Besides analytical processing of data (e.g. geovisual and cluster analysis), we also explored a more advance cartographic approach. Cartographic synthesis methods allow the visualization of various types of data with qualitative and quantitative resolution. Therefore, the synthetic processing of the above-mentioned data has been implemented. During the pandemic, a lot of maps were created that are cartographically incorrect, as well as a lot of maps that are cartographically correct. In most cases, however, it was only a simple visualization of the amount of positive-tested people or any other dealing issues in the form of analytical maps. Thus, synthetic maps can provide a new perspective on the issue and can be useful in unconventionally providing information about Covid-19 pandemic. We show how this dataset can be utilised in terms of cartographic synthesis in form of a regional typology in order to reveal the spatial pattern of such change in citizens‘ behaviour.
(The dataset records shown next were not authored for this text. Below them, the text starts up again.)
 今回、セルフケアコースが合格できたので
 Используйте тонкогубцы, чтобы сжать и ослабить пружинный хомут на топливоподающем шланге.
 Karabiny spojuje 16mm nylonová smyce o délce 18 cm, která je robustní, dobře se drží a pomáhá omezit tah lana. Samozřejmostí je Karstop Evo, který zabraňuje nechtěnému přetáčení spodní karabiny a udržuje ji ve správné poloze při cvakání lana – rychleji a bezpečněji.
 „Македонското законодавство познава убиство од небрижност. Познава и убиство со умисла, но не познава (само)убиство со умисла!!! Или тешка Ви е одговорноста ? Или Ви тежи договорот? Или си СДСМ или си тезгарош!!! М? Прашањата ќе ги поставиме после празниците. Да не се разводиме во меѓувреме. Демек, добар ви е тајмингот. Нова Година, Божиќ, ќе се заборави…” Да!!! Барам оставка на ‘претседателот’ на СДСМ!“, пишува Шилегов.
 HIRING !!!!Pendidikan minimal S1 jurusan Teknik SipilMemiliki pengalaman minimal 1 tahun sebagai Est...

The resulting typology categorizes the relevant administrative units into five clusters (types) in the space defined by the change in behaviour. These clusters can also be named according to the impact of the COVID-19 pandemic on behaviour of citizens: 1) moderate – regions with a relatively small change in population activity. For this type, it must especially be emphasized that this involves a mild impact of the pandemic compared to other types and that COVID-19 and related restrictions have had a visible effect on human behaviour in these regions as well; 2) substantial (secondary activities) – regions with a generally statistically average change in population activity with a more significant change in secondary activities (Grocery and Pharmacy, Parks); 3) substantial (main activities) – regions with a generally statistically average change in population activity with a more significant change in main activities (Residential, Transit Stations, Workplaces); 4) significant – regions with a statistically significant change in behaviour (values in the fourth quartile outside the range of the box graph); 5) extreme – regions with an unprecedented change in behaviour in outliers or near their borders.
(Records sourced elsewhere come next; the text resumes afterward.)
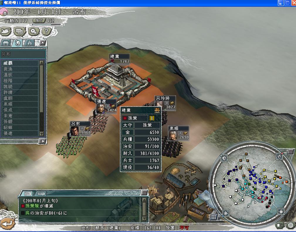这样就确定了最佳的侵攻目标,三城之孙策,其总兵力与我军相当,其后方吴郡仅8000人,会稽仅4000人,主力侵攻目标为袁术,对我军并不重视。真正能对我方造成威胁的名将很少。周瑜的[火神]是AI最不能完全发挥的强力特技之一,特别是在初期,其威摄远不能与AI曹操的[虚实]相比,并吞之难度并非太大。江东人材质量可与曹操相比,寿命也很可观。夺取江南后更可只守西北一面,安心发展增进国力。
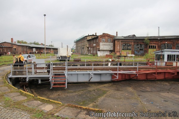 Die Arbeiten an der Drehscheibe sind ebenfalls weit vorangeschritten. So wurde die komplette Elektrik der Anlage überprüft und teilweise erneuert. Im Außenbereich wird das Kanalgleis am Wasserkran befahrbar gemacht. Dazu müssen die Schienen ausgebaut und die darunter befindlichen Holzschwellen erneuert werden. Größere Gleisbauarbeiten am und im Schuppen beginnen am 17.10.2011.
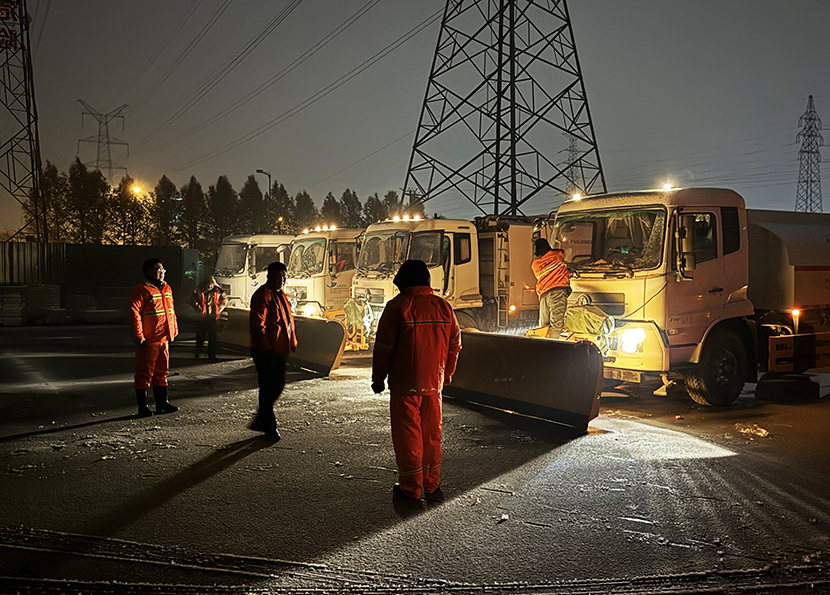 ? ? 環(huán)衛(wèi)分公司、盛達(dá)市政分公司晝夜奮戰(zhàn),清雪除冰,共出動人員160余人次,大型機(jī)械車輛6架,將轄區(qū)交叉路口、重要地段及橋面、立交坡路等處的冰雪全部清理干凈,確保過往車輛行人的交通安全。
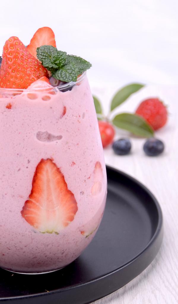 Обои Йогурт в стакане с ягодами черники и клубники
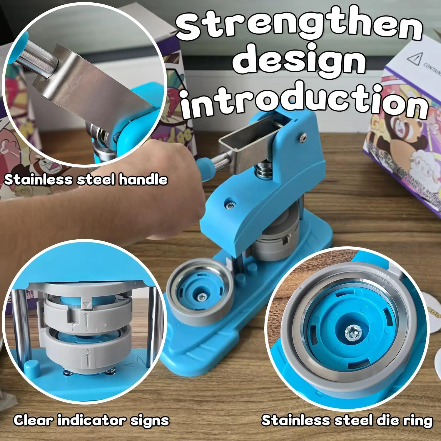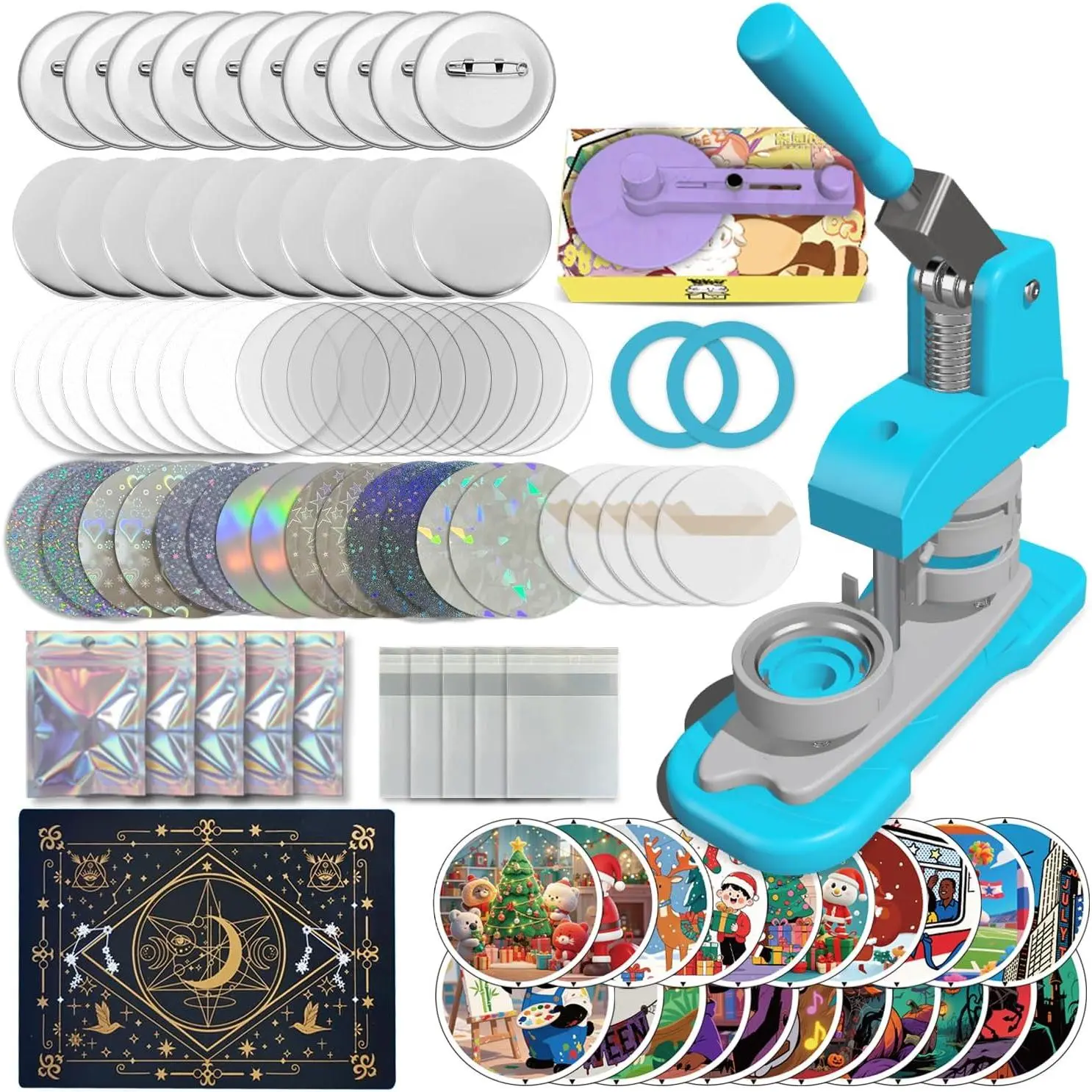 🎁DIY Button Maker Machine Kit Includes: 58mm (2.25 inch) Badge Maker, Circle Cutters, 50pcs Button Parts, 50pcs Blank Paper, 100pcs Transparent Film, 14pcs Colored Film, 10pcs Pattern Paper, 1pcs Cutting Board, 2pcs Gasket, 5pcs Protective Case, 5pcs Transparent Bags, 5pcs Holographic Bags.With its beautiful packaging, this button machine can be given as a gift for kids and DIY enthusiasts.🎁Multiple Functions: This DIY badge making machine offers versatile uses, allowing you to create small gifts like pin badges, mirrors, openers, fridge magnets, keychains, pendant medals and so on.🎁New Design: This machine adopts high-strength engineering plastics, with its handle reinforced by stainless steel for enhanced pressure resistance.Its body and button mold are integrated, featuring light weight, a long lifespan, and easy operation.Additionally, the handle is scientifically calibrated to help you find the optimal pressure, significantly improving the stability and success rate of badge making.🎁Wide Application:You can make various DIY badges: choose your favorite pictures to create custom designs, or make personalized badges.Use the button pin maker to design pins for decorating jackets, backpacks, or hats-perfect for DIY home projects or personalized gifts.The pin maker machine is widely used for school activities, children's birthdays, opening ceremonies, business activities, Thanksgiving, holiday gifts, souvenirs, etc.🎁Easy Handling:First, cut pictures to the proper size with the simple, easy-to-use circle cutter punch press.Second, set the 58mm badge bottom and top moulds on the button machine.Third, place the badge metal cover into the top cover mould and the picture on the cover.Fourth, place the transparent film on the picture and press down the badge making machine handle.Last, add the metal pin backing to the bottom cover mould and press the handle again.
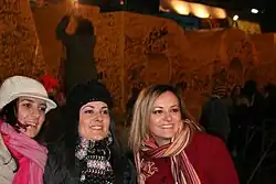 Women in Kosovo are women who live in or are from the Republic of Kosovo. As citizens of a post-war nation, some Kosovar (or Kosovan) women have become participants in the process of peace-building and establishing pro-gender equality in Kosovo's rehabilitation process.[1] Women in Kosovo have also become active in politics and law enforcement in the Republic of Kosovo. An example of which is the election of Atifete Jahjaga as the fourth President of Kosovo[a]. She was the first female,[2] the first non-partisan candidate, and the youngest to be elected to the office of the presidency in the country. Before becoming president, she served as Deputy Director of the Kosovo Police,[3] holding the rank of major general,[4] the highest among women in Southeastern Europe.[5]
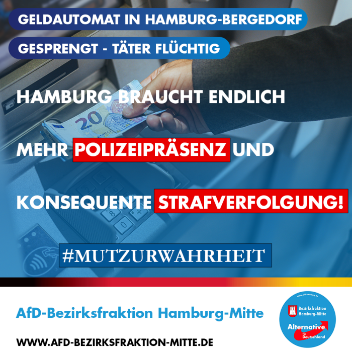 Geldautomat in Hamburg-Bergedorfgesprengt – Täter flüchtig
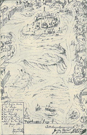 Plastický plánek z r. 1727. Vesnice se připomíná r. 1143.

Five types of regions were identified according to the impact of COVID-19 and related restrictions - from the type moderately impacted by COVID-19 (e.g. Sweden, Latvia, Hungary), to those impacted by the pandemic in a substantial (Ireland, regions of Greece, the Czech Republic, Norway, Switzerland), significant (e.g. regions of France, Belgium, Austria, Slovenia, Portugal), and extreme manner (Spain, Italy, and the Paris region). As a conclusion, The current global situation clearly shows that positional and individual data can also be useful in the case of pandemics or any other situations involving the safety and health of the population. The use of Google Location data proves to be valuable in analysis and evaluation of citizens’ behaviour during any pandemic crisis, though, in this case, aggregated into higher territorial units.